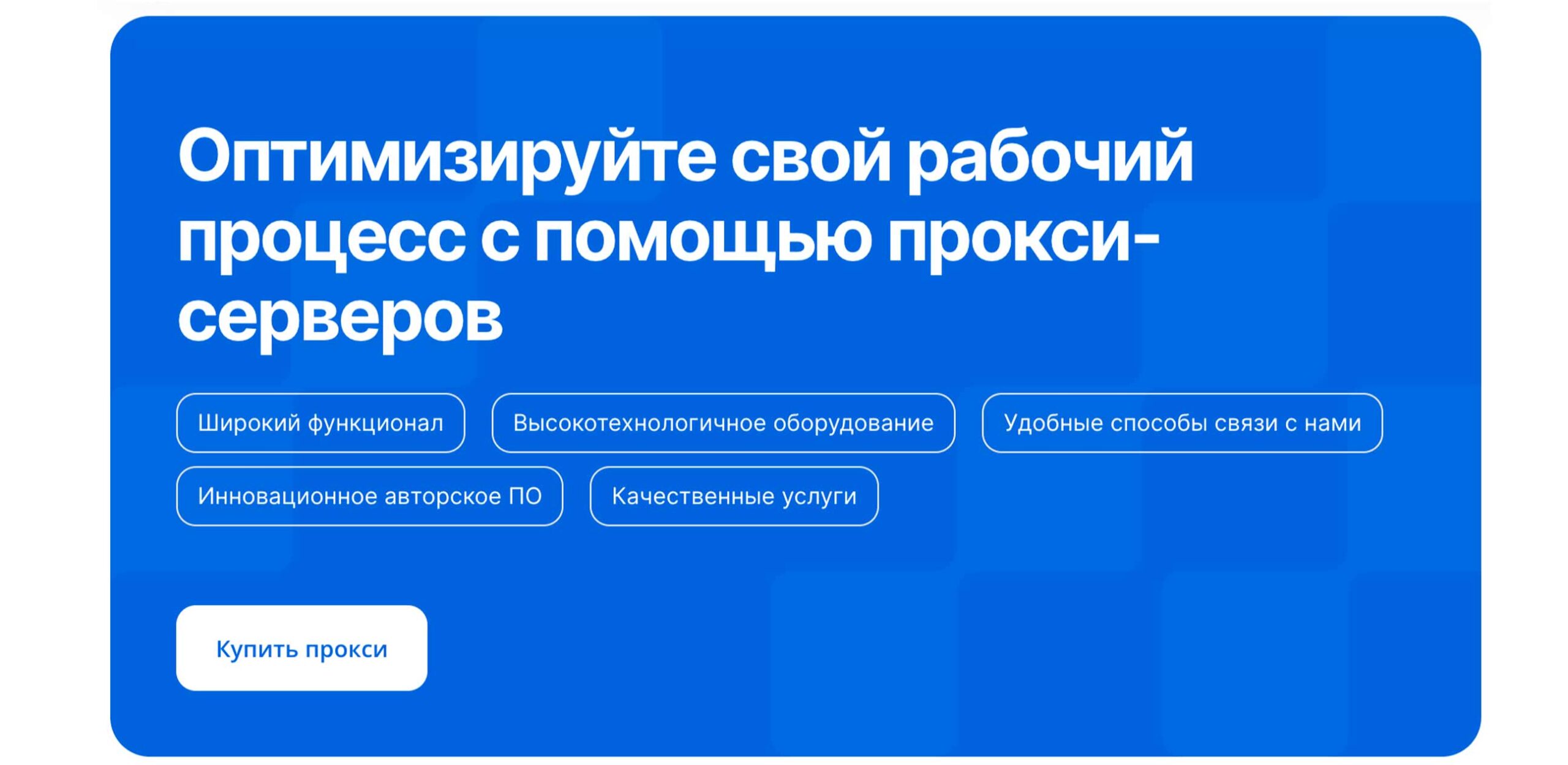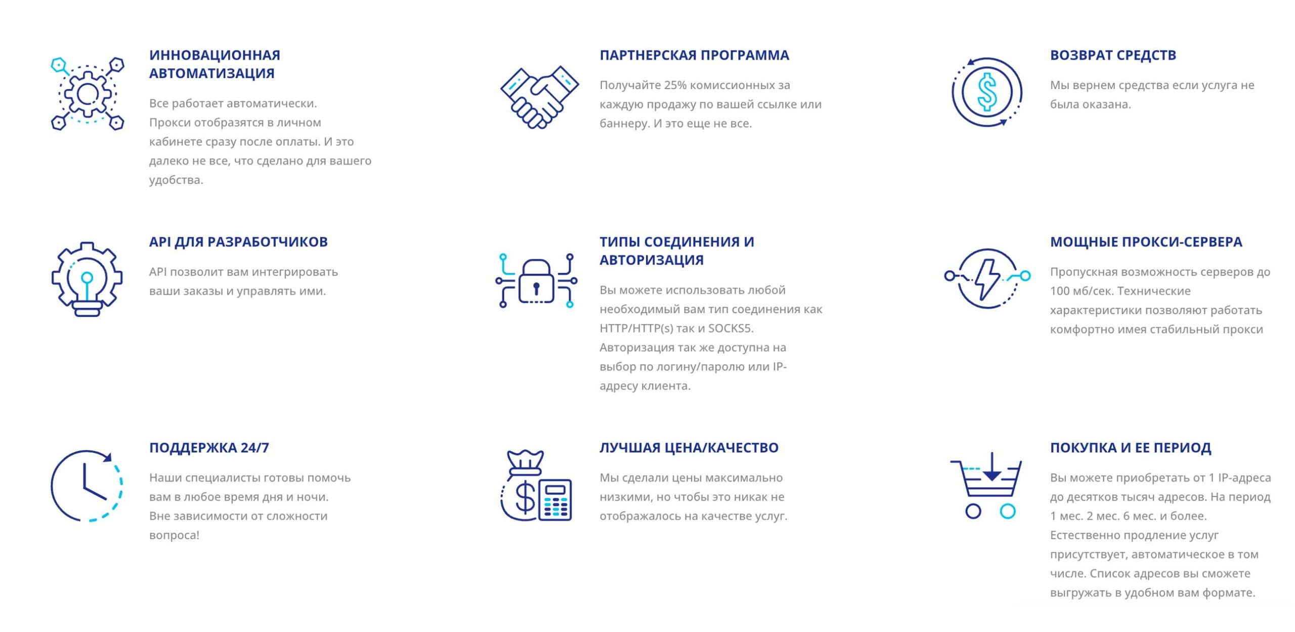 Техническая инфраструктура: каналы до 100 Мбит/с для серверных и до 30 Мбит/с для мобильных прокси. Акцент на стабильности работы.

---

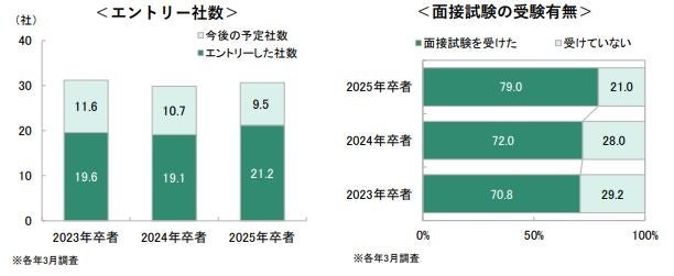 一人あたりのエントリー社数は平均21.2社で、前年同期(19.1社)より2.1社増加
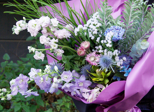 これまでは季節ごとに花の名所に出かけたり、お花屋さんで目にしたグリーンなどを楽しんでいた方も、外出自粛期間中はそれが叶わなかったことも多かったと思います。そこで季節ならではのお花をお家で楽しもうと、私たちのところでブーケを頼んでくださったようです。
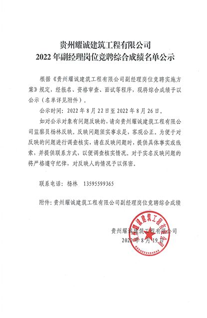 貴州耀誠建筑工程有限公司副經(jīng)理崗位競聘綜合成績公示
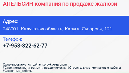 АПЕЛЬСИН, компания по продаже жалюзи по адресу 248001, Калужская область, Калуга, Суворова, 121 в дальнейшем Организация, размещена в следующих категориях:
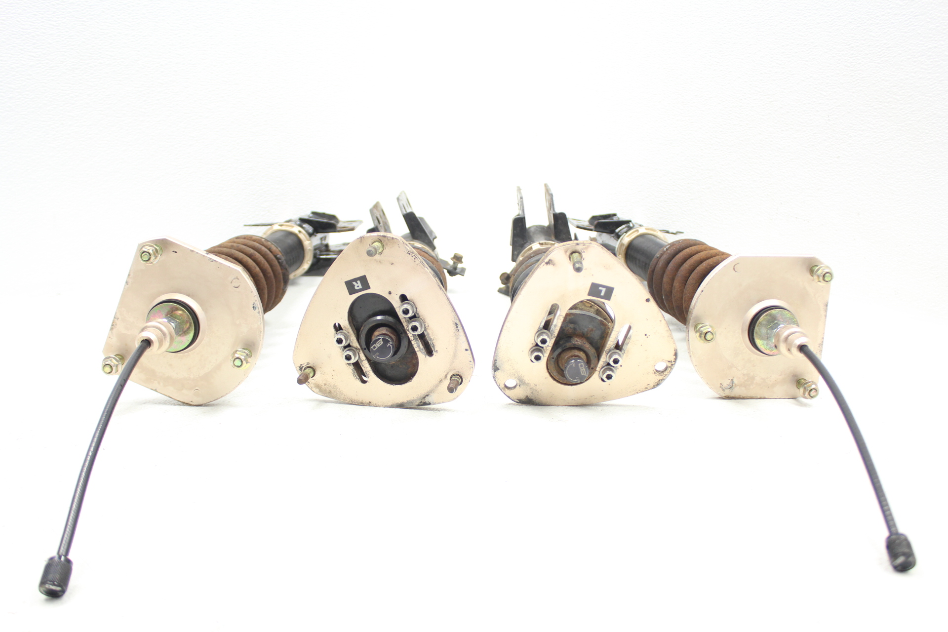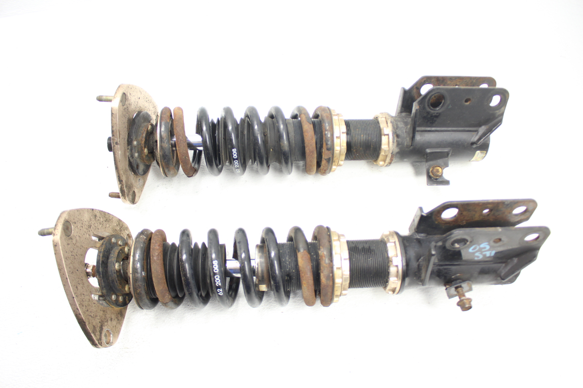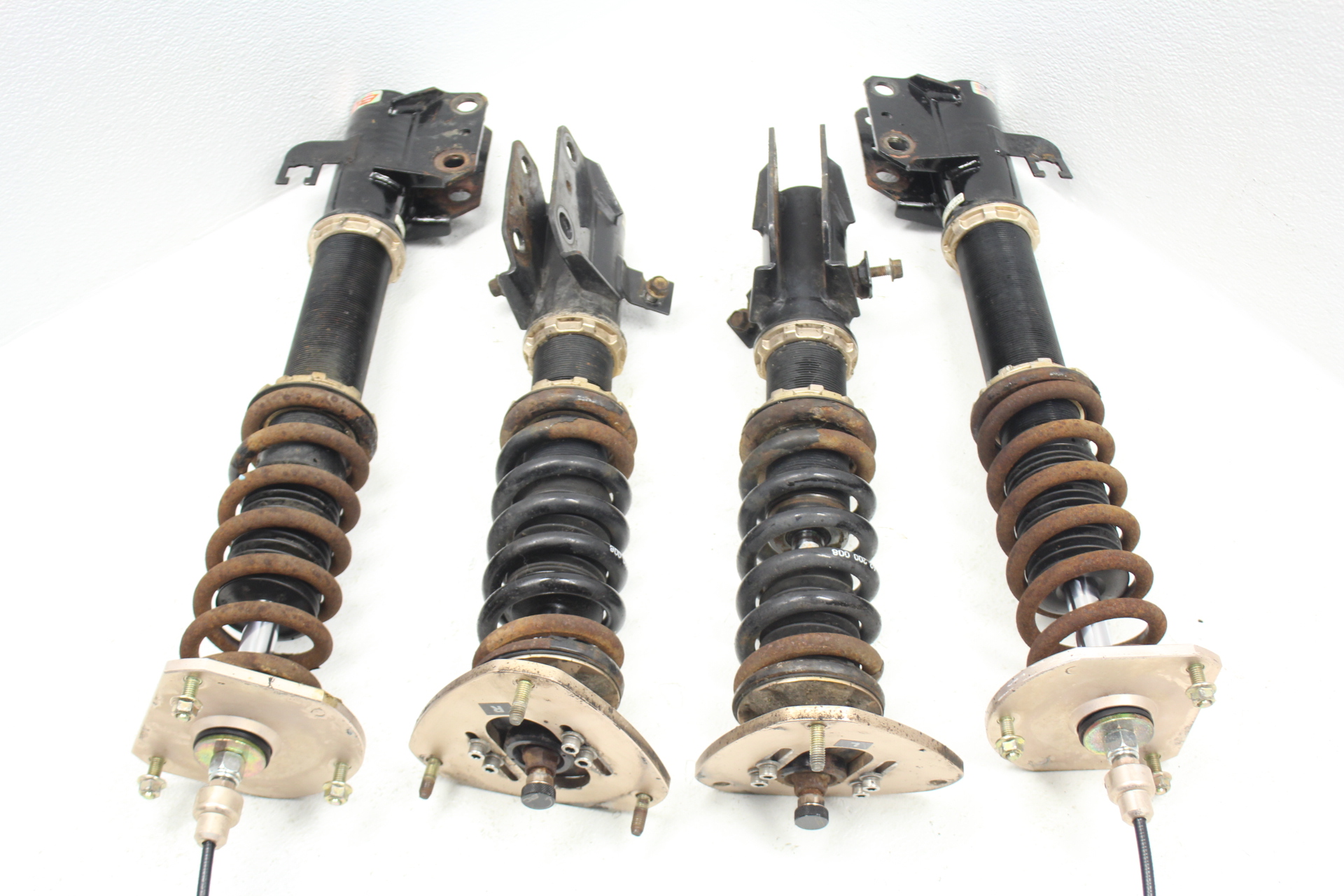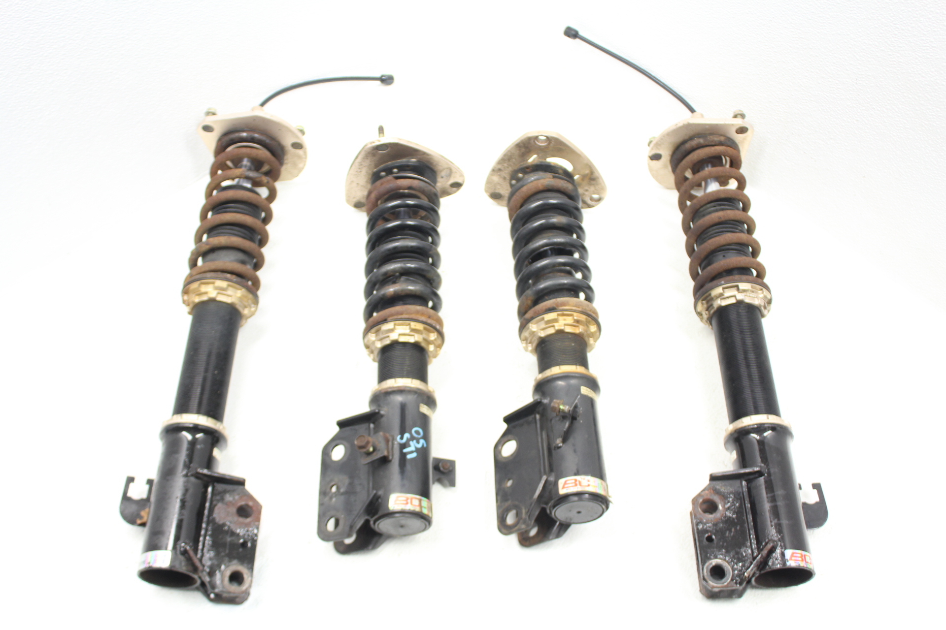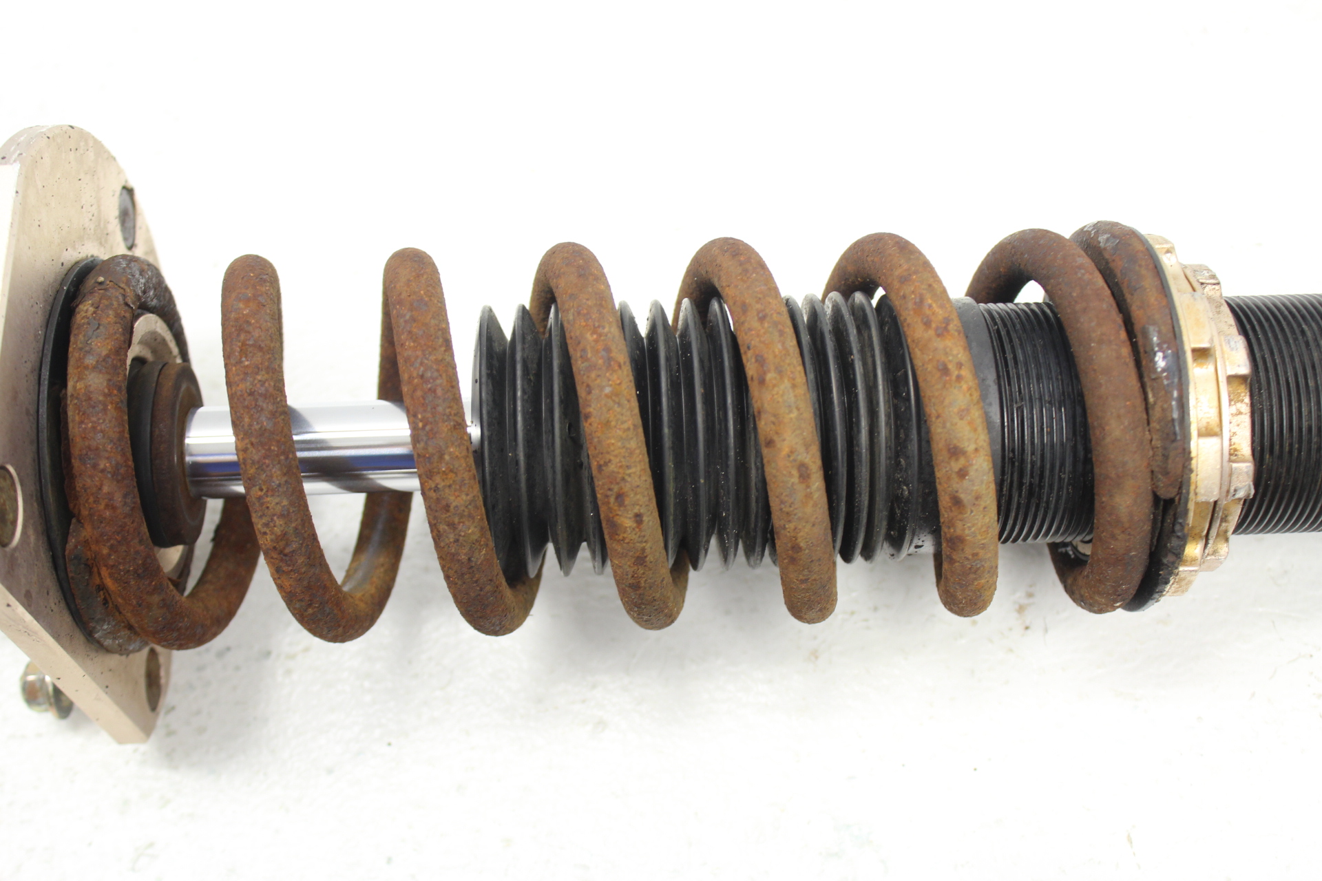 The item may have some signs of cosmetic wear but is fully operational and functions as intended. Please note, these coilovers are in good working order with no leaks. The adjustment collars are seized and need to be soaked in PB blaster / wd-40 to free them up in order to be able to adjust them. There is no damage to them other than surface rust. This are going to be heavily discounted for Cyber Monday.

Exercise objective: Using the listing above, repeat word for word each line from the one with "貴州耀誠建筑工程有限公司副經(jīng)理崗位競聘綜合成績公示" down to the one with "The item may", both included. Omit all pictures.

Response area:
 貴州耀誠建筑工程有限公司副經(jīng)理崗位競聘綜合成績公示
 АПЕЛЬСИН, компания по продаже жалюзи по адресу 248001, Калужская область, Калуга, Суворова, 121 в дальнейшем Организация, размещена в следующих категориях:
 The item may have some signs of cosmetic wear but is fully operational and functions as intended. Please note, these coilovers are in good working order with no leaks. The adjustment collars are seized and need to be soaked in PB blaster / wd-40 to free them up in order to be able to adjust them. There is no damage to them other than surface rust. This are going to be heavily discounted for Cyber Monday.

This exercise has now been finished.